## EXERCISE PROMPT
Print the lines in the listing below starting at the line with "在这部分中,我们选取相对收益" and ending at the line with "Ben’s Plank Bed", both included. Reproduce them exactly and omit every picture.

## STUDY MATERIAL

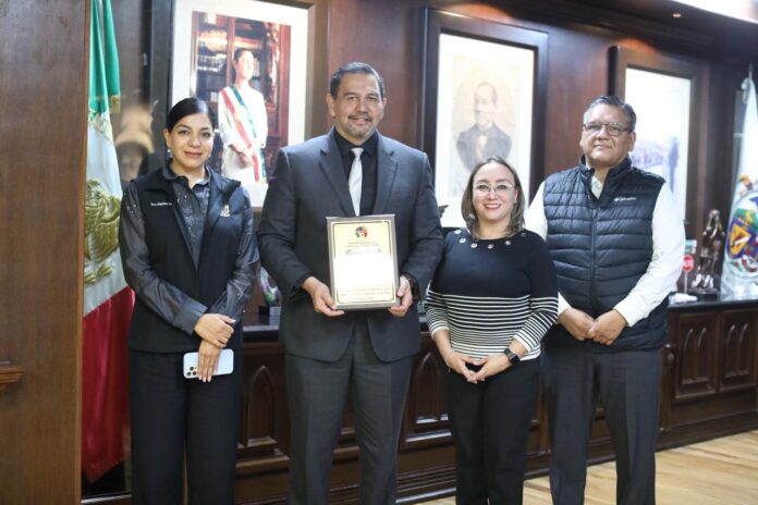 Desdémona García Cervera, coordinadora de la sección Juárez de dicha comisión, visitó al alcalde en su despacho para entregarle personalmente el reconocimiento, en agradecimiento a las acciones emprendidas por la Administración Municipal 2024–2027 en favor de la salud comunitaria y la prevención de enfermedades en la región.
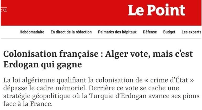 Fransa merkezli Le Point dergisi, Cezayir’in Fransız sömürgeciliğini “devlet suçu” olarak tanımlayan yasasını mercek altına aldı. Dergi, yayımladığı yazıda Cezayir’deki bu tarihi sürecin kazananının Cumhurbaşkanı Recep Tayyip Erdoğan olduğunu ifade etti.
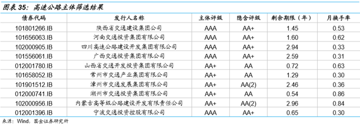 在这部分中,我们选取相对收益率较高,期限适中,且成交较活跃的高速公路发债主体进行分析,筛选标准如下:
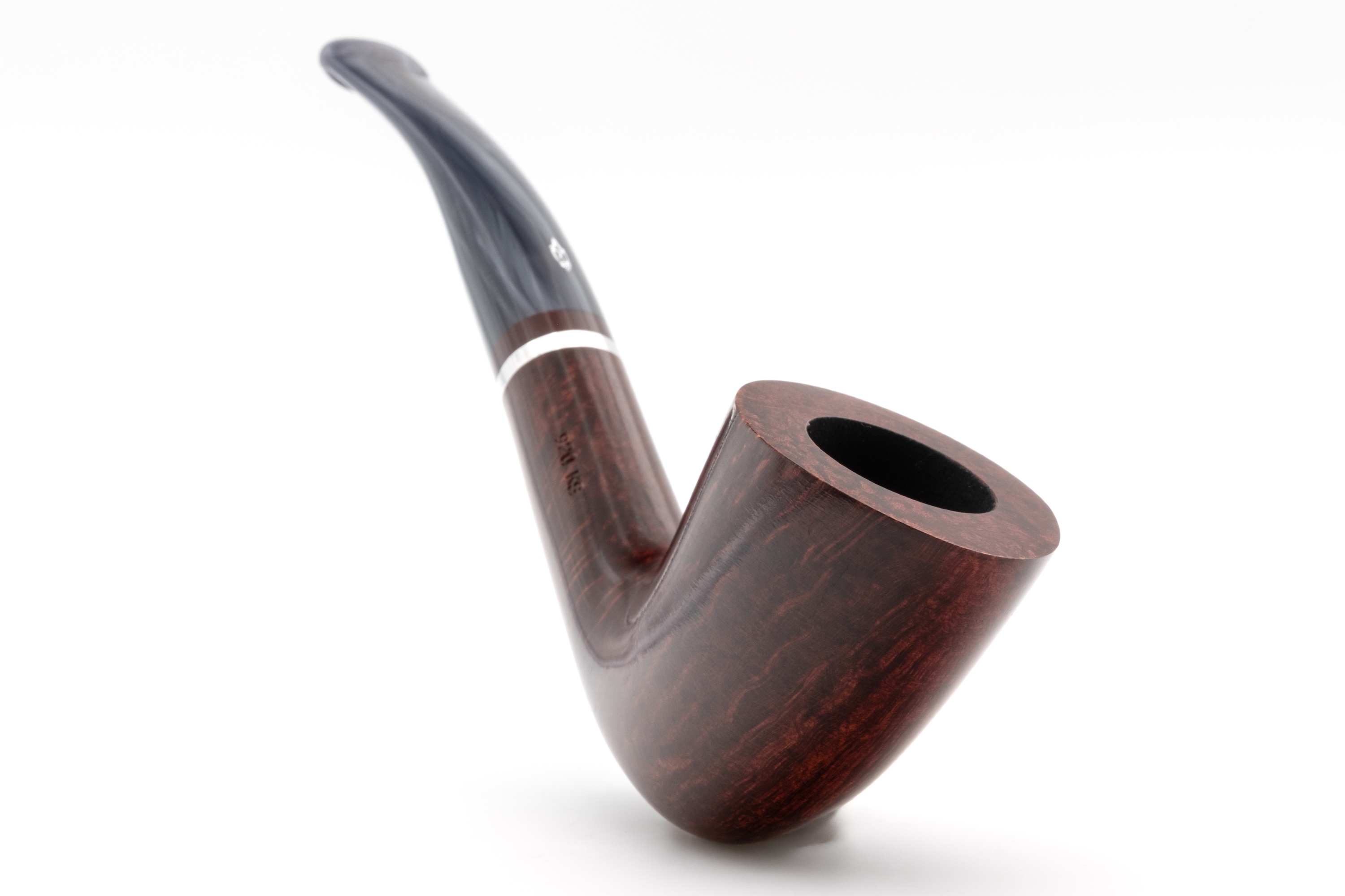 Für sich allein betrachtet strahlt es eine besondere Unnahbarkeit und Kühle aus, ein Eindruck, der durch den eingelassenen Metallring noch verstärkt wird. Im Zusammenspiel mit dem warmen Bordeauxton des Bruyerekopfes ergibt sich jedoch ein spannender Kontrast.
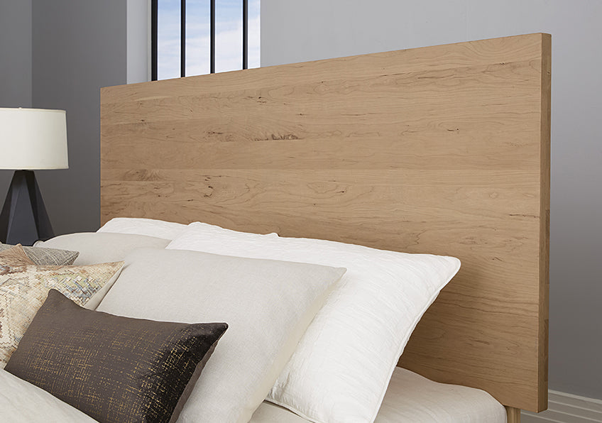 Ben’s Plank Bed features a clean line transitional style headboard with a 1-inch-thick piece of solid American Cherry paired with wide top rail and footboard giving it a contemporary platform look. Available in Queen, King, or California King.
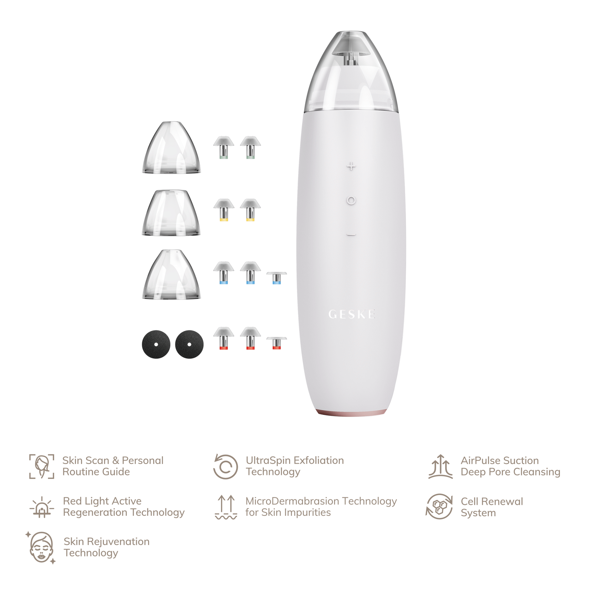 A AirPulse Suction Deep Pore Cleansing extrai suavemente, através de jatos de ar direcionados, resíduos de maquilhagem, óleos, pele morta e, claro, pontos negros e espinhas. Para complementar, a MicroDermabrasion Technology for Skin Impurities fornece uma sessão de cuidado com a pele personalizável específica para a tua pele sem a prejudicar ou causar infeção. Para manteres a tua pele livre de manchas, recomendamos utilizar a Red Light Active Regeneration Technology.

## RESPONSE FOR THIS EXERCISE
 在这部分中,我们选取相对收益率较高,期限适中,且成交较活跃的高速公路发债主体进行分析,筛选标准如下:
 Für sich allein betrachtet strahlt es eine besondere Unnahbarkeit und Kühle aus, ein Eindruck, der durch den eingelassenen Metallring noch verstärkt wird. Im Zusammenspiel mit dem warmen Bordeauxton des Bruyerekopfes ergibt sich jedoch ein spannender Kontrast.
 Ben’s Plank Bed features a clean line transitional style headboard with a 1-inch-thick piece of solid American Cherry paired with wide top rail and footboard giving it a contemporary platform look. Available in Queen, King, or California King.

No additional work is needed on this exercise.